This piece started out with the idea that, as an athlete, a big part of what drives me forward is wondering what I’m capable of. What will my body do? How will it feel? Running, riding, hiking, climbing, surfing, skiing, all of it probes at the mind-body connection. All of those sports send bodily feedback to the central processing unit, and what I’m doing, as many days as I can manage, is soliciting feedback.
Put another way, I’m spinning the dial and checking all the stations for the music that sounds good or different or both.
That’s how this thing started, and it’s been parked in my drafts folder for a few months not quite moving forward, because I wasn’t sure I had the whole idea I was trying to express.
And then I read this: “If we’re not exploring, we’re not doing anything. We’re just waiting.” These are the words of a young physicist who does research on dark matter. I won’t dig too deep into that here, but you can get this book and follow along if you like.
That simple idea that our curiosity and exploration define us helped tune my mental station to what I’m doing, the whole point of Dirt Soul Search, that I’m not only exploring an external physical landscape, but also an internal physical landscape, and that is inextricably linked to the mind as an organ, a chemistry set that begets consciousness and the reflexive, recursive processing of being a sentient being.
Shit. That was heavy. Sorry. Let’s start again.
We are born nothing, or close to it. Humans can’t talk or walk, lack manual dexterity, can’t feed themselves, can’t do math or hunt or pole vault. We exit the womb early, the theory goes, because our enormous crania won’t fit through the birth canal if we gestate long enough to add a skill set.
And so, curiosity gives life meaning. That’s a long, logical leap, but stick with it for a minute, because discovering the meaning of life is worth the time.
Listen, put yourself back in your just born body for a moment. Your eyes begin to dry out and you react by blinking. You’re hungry, and you reach out and there is a breast. Physical exigency turns you into a problem solver. Theoretically, you could not blink and not nurse, but it would induce discomfort, suffering, so life gains meaning (this is some Buddhist shit here) through your pursuit of not-suffering.
But that’s a pretty grim view, that the only thing that spurs us to any sort of physical action is to avoid pain. Game that out though, and it holds up. The very best an incurious and inert human can hope for is probably boredom. Boredom implies that we’ve met all our other needs, for food, safety, comfort, etc., and are left, as the young physicist said, “waiting.”
So what do we do with ourselves?
We move. And sometimes we move in ways that create suffering, and that suffering abates, and we move again, and we expand our range, both physically and geographically, and now we are exploring the outer and inner terrain, and we bore of immobility more and more quickly, and that begets more and more movement, so that all of this running around really does define us. This physical curiosity isn’t a thing we choose to do with our lives, it IS our lives.
That explains why extended periods of inactivity trigger my depression, an arrangement of chemicals I seem to have been gifted genetically, but that mostly submits to treatment by exercise, the outward expression of physical curiosity. The whole idea of not living, i.e. not exploring these things, is depressing.
And there’s an argument to be made that intellectual curiosity has the same power to alleviate suffering/boredom that physical curiosity does, but that presupposes that you can separate one from the other, that curiosity in either form can be sustained without testing our ideas, which is, itself, a physical act. I may just be biased on this count. The truth is, the more I think, the more likely I am to fall into downward spirals, into depression, that can only be climbed out of with action.
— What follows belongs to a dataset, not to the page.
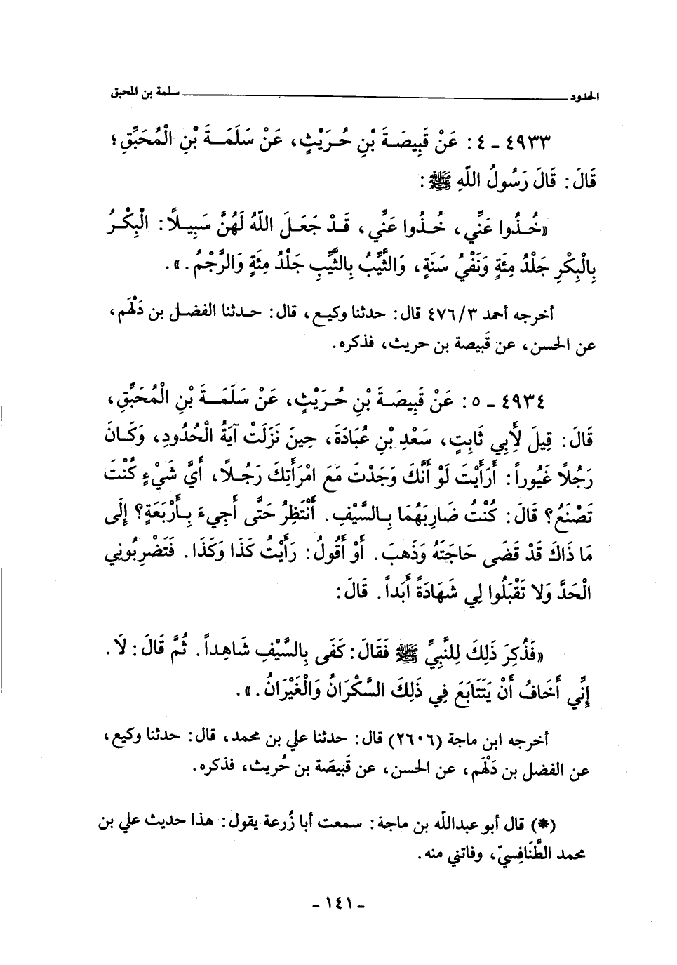 خُذُوا عَنِّى خُذُوا عَنِّى قَدْ جَعَلَ الله لَهُنَّ سَبِيلاً الْبِكْرُ بِالْبِكْرِ جَلْدُ مِائَةٍ وَنَفْىُ سَنَةٍ وَالثَّيِّبُ بِالثَّيِّبِ جَلْدُ مِائَةٍ وَالرَّجْمُ.

I don’t think you have to run marathons or climb Everest to be physically curious. In fact, in some ways, I think the pursuit of epic exploits is really a misunderstanding of physical curiosity, as though the only interesting information is to be found at the very limits of our capacity. That is not to say that those places aren’t fascinating and those experiences aren’t rich, but for those of us who haven’t covered the terrain between here and there, it might be shortcutting the process.
That’s the idea I was reaching for in The Marathon as Fad Diet, that we sometimes think we can change our lives with one bold move, rather than moving boldly every goddamned day. That’s not to say that running a marathon or trekking the Himalaya are bad things to do, only that those things alone don’t constitute a complete expression of physical curiosity.
Is it tautological to say that movement gives life meaning and therefore, movement is the of meaning life? The medium is the message? I don’t think so, but I’m open to an alternate explanation. If you need me, I’ll be in the woods, doing research.